Insistir que uma pessoa consuma alimentos com base na noção de que nutrientes são essenciais pode, na verdade, causar mais estresse do que benefícios.
Nos cuidados paliativos, a alimentação deve transformar-se em uma experiência agradável, com um cardápio que leve em conta as preferências e história de vida do paciente. A escolha dos pratos pode ser feita pelo próprio enfermo ou por familiares e amigos que conhecem seus gostos.
Não existem horários rígidos para as refeições, tampouco limites de quantidade de alimento ou líquido. Nas chamadas “dietas de conforto”, as preferências do paciente prevalecem.
É importante que o ato de se alimentar tenha significado, como um prato que traga boas recordações, um doce feito com carinho por um familiar ou a possibilidade de um ente querido servir a refeição, reforçando o laço afetivo.

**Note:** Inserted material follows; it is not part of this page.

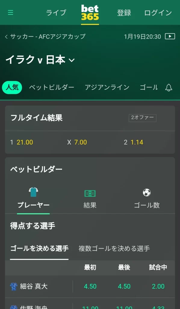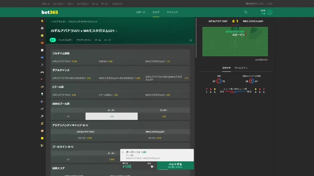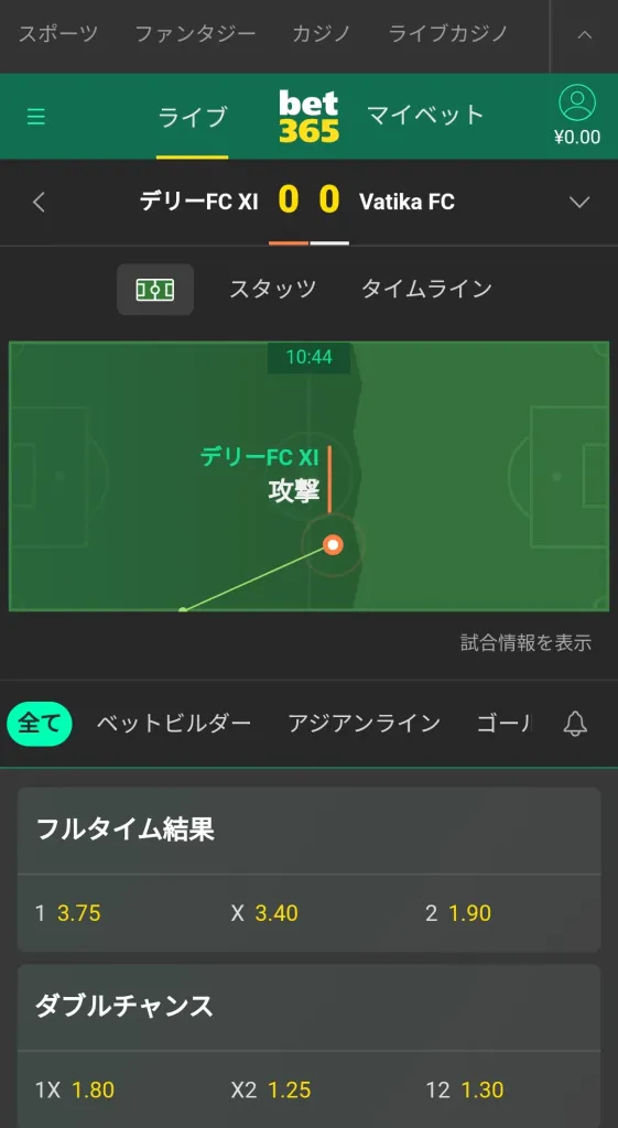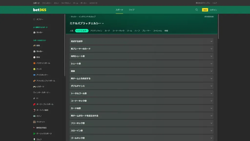 bet365ではベットオプションが非常に豊富に用意されており、特にサッカーにベットする際はあらゆる選択肢から自分が最も賭けたい選択肢にベットすることができます。

Para aqueles que enfrentam doenças em estágio avançado e não conseguem mais ingerir alimentos de forma adequada, pode-se optar por fórmulas nutricionais fornecidas via sonda, que é um tubo inserido pelo nariz até o estômago ou intestino.
Se o sistema digestivo não está funcionando eficazmente e a absorção dos nutrientes se torna inviável, a nutrição parenteral pode ser uma alternativa, oferecendo soluções líquidas diretamente na corrente sanguínea.
Essas intervenções, como a nutrição por sonda ou por meio de cateteres, têm como única finalidade fornecer nutrientes ao organismo. No entanto, essa abordagem não tem mostrado eficácia em prolongar a vida, curar ou controlar a doença, e pode até trazer desconfortos e riscos de infecções, além de não proporcionar prazer algum.
Na fase terminal, o corpo passa por transformações, ajustando-se a uma nova realidade que exige menos esforço funcional. Comumente, o sistema gastrointestinal se torna intolerante, e sintomas como vômitos, distensão abdominal, constipação ou diarreia podem se agravar com a introdução de grandes quantidades de alimentos.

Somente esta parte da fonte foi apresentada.